* Your goal *
Write the records below out in full, character for character, with no pictures.

Excerpts from a dataset:

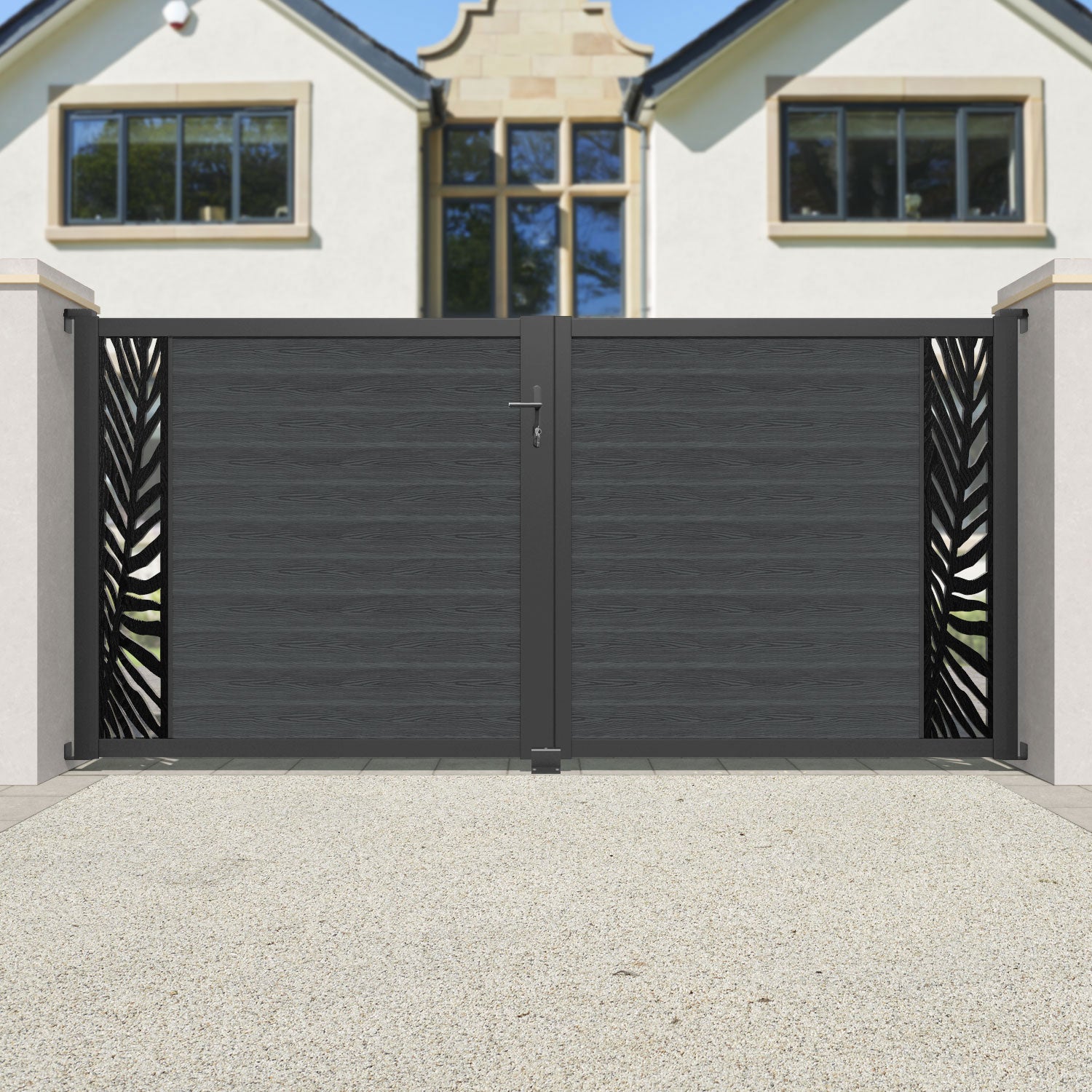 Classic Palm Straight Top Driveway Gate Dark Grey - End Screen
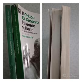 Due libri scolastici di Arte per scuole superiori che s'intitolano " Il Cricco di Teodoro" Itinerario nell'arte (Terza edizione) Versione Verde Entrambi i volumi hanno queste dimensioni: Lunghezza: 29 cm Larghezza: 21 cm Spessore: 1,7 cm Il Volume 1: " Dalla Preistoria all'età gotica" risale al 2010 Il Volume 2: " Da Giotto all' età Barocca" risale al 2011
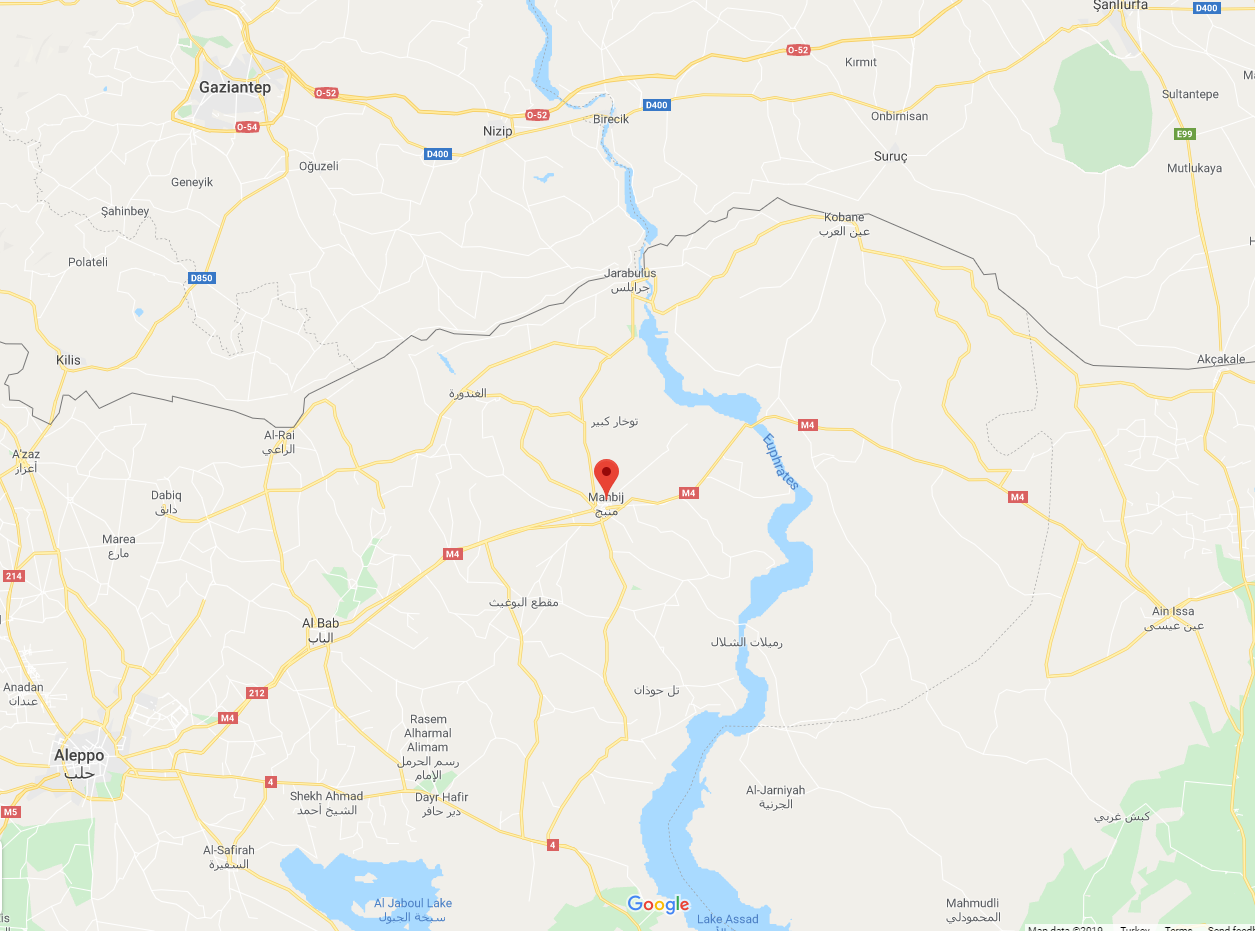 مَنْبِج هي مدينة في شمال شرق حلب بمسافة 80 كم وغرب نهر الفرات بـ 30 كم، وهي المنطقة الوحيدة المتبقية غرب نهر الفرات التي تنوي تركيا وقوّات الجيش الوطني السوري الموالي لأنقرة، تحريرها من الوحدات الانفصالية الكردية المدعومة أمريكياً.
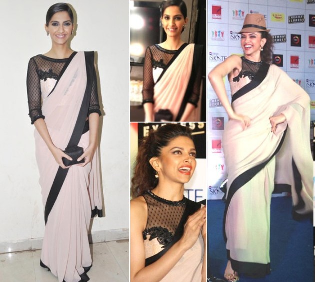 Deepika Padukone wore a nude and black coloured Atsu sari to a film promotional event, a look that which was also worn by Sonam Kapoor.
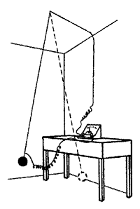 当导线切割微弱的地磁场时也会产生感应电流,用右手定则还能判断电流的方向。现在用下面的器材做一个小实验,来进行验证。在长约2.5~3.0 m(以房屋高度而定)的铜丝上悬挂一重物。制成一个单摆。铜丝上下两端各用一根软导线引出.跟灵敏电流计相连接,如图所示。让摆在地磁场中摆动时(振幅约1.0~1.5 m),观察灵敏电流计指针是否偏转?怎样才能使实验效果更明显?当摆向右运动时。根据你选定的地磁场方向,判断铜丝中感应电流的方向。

* Expected answer *
 Classic Palm Straight Top Driveway Gate Dark Grey - End Screen
 Due libri scolastici di Arte per scuole superiori che s'intitolano " Il Cricco di Teodoro" Itinerario nell'arte (Terza edizione) Versione Verde Entrambi i volumi hanno queste dimensioni: Lunghezza: 29 cm Larghezza: 21 cm Spessore: 1,7 cm Il Volume 1: " Dalla Preistoria all'età gotica" risale al 2010 Il Volume 2: " Da Giotto all' età Barocca" risale al 2011
 مَنْبِج هي مدينة في شمال شرق حلب بمسافة 80 كم وغرب نهر الفرات بـ 30 كم، وهي المنطقة الوحيدة المتبقية غرب نهر الفرات التي تنوي تركيا وقوّات الجيش الوطني السوري الموالي لأنقرة، تحريرها من الوحدات الانفصالية الكردية المدعومة أمريكياً.
 Deepika Padukone wore a nude and black coloured Atsu sari to a film promotional event, a look that which was also worn by Sonam Kapoor.
 当导线切割微弱的地磁场时也会产生感应电流,用右手定则还能判断电流的方向。现在用下面的器材做一个小实验,来进行验证。在长约2.5~3.0 m(以房屋高度而定)的铜丝上悬挂一重物。制成一个单摆。铜丝上下两端各用一根软导线引出.跟灵敏电流计相连接,如图所示。让摆在地磁场中摆动时(振幅约1.0~1.5 m),观察灵敏电流计指针是否偏转?怎样才能使实验效果更明显?当摆向右运动时。根据你选定的地磁场方向,判断铜丝中感应电流的方向。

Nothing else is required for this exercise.